Em 1936, o diretor da Odeon foi forçado a se aposentar, sendo substituído pelo Dr. Kepler, um membro do partido nazista. Em 1939, as empresas Odeon e Electrola eram dirigidas por administradores nazistas. Quando os russos liberaram Berlim, em 1945, eles destruíram grande parte da fábrica. Depois de 1945, encerrada a 2ª Guerra, a Odeon continuou a usar seu selo para impressões feitas para a África Oriental. Tratava-se de uma grande gravadora, com operações em vários países, com valioso acervo, muito cobiçado pelos colecionadores.
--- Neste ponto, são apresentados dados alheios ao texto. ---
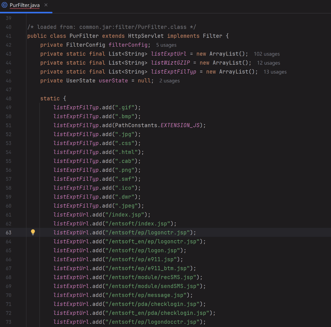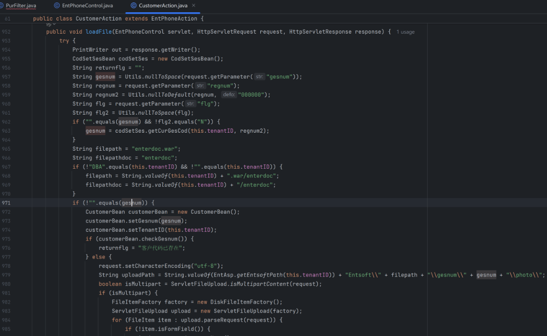 而且该系统是tomcat容器,基于该容器对;的解析特性,不会匹配到;后面的内容,也就是在进行路由匹配时,只会匹配到CustomerAction.entphone,从而使得CustomerAction.entphone;.js?method=loadFile顺利进入过滤器层面的校验,并且此时获取的后缀又是.js,处于白名单后缀,从而实现权限绕过。

Com o fim da Odeon, a EMI-Electric and Musical Industries Ltd, uma gravadora londrina com operações em 25 países, e uma das quatro maiores do mundo, ficou com a incumbência de continuar o trabalho da Odeon.

No Brasil a marca Odeon sobreviveu como uma subsidiária da EMI-Odeon até metade da década de 1980, quando acabou definitivamente.

A mansão Figner Retiro dos Artistas

Não há dúvida que Fred Figner era um homem à frente do seu tempo. Para coroar o sucesso nos negócios, este judeu checo, brasileiro por opção, decidiu erguer uma residência que espelhasse seu forte perfil empreendedor. A hoje conhecida “Mansão Figner” situada na Rua Marquês de Abrantes 99, no Flamengo, abriga o Centro Cultural Arte-Sesc e o restaurante Bistrô do Senac, por decisão de sua família.

A mansão é considerada um exemplo arquitetônico raro de “casa burguesa do início do século 20”. Fred Figner utilizou-a como hospital, em 1918, durante a fatal pandemia conhecida como Gripe Espanhola. Embora ele próprio tenha contraído a enfermidade, atuou como um prestativo auxiliar de enfermagem, transformando seu palacete em uma improvisada enfermaria de campanha que chegou a abrigar em seu interior quatorze pacientes.

Figner era um homem generoso e solidário. Pela natureza do trabalho nas suas duas gravadoras, se tornara amigo de músicos e cantores de sucesso. Em uma época que antecedeu à criação da Previdência Social, ele ficou consternado com a situação de penúria que alguns desses artistas enfrentaram ao chegar à velhice. Bastante sensibilizado com esse verdadeiro drama social, não titubeou e decidiu doar o terreno, em Jacarepaguá, para a construção da instituição Retiro dos Artistas, que funciona até os dias de hoje.

Em 19 de janeiro de 1947, Fred Figner faleceu no Rio de Janeiro, aos 81 anos de idade. Ao se abrir o testamento, nele foi constatado que havia destinado uma parte substancial dos seus bens às obras sociais de Chico Xavier. O jornal carioca A Noite Ilustrada publicou um editorial em que o judeu Frederico Figner foi honrado post-mortem com o título de “o mais brasileiro de todos os estrangeiros”. Sem dúvida, uma homenagem merecida para quem tanto fez pelo aprimoramento da música brasileira e mundial.

Bibliografia

Albin, R. Cravo, Dicionário Houaiss Ilustrado da Música Popular Brasileira. Criação e supervisão geral Ricardo Cravo Albin. Edição Instituto Antônio Houaiss, Instituto Cultural Cravo Albin e Editora Paracatu, Rio de Janeiro 2006.

Andrade, Mário de, Pequena História da Música. São Paulo 1942. Reimpressão: Editora Itatiaia 1987.

Behague, Gerard. The Beginnings of Musical Nationalism in Brazil. Monographs in Musicology, Detroit: Information Coordinators, 1971, n.1, p. 4-43.

Gottschalk, L. M., Complete Published Songs of Louis Moreau Gottschalk. Edited by Richard Jackson. Newton Centre. Massachussets 1993.

Porto-Alegre, Ignácio. Alexandre Levy: compositor e pianista brasileiro. Reimp. São Paulo: Casa Levy, s.d. [Polyanthéa publicada pela Gazeta Musical do Rio de Janeiro em 17 fev. 1892]

Tuma, Said. O nacional e o popular na música de Alexandre Levy: bases de um projeto de modernidade. São Paulo, 2008. 202 folhas. Mestrado em Musicologia.  Escola de Comunicações e Artes, Universidade de São Paulo.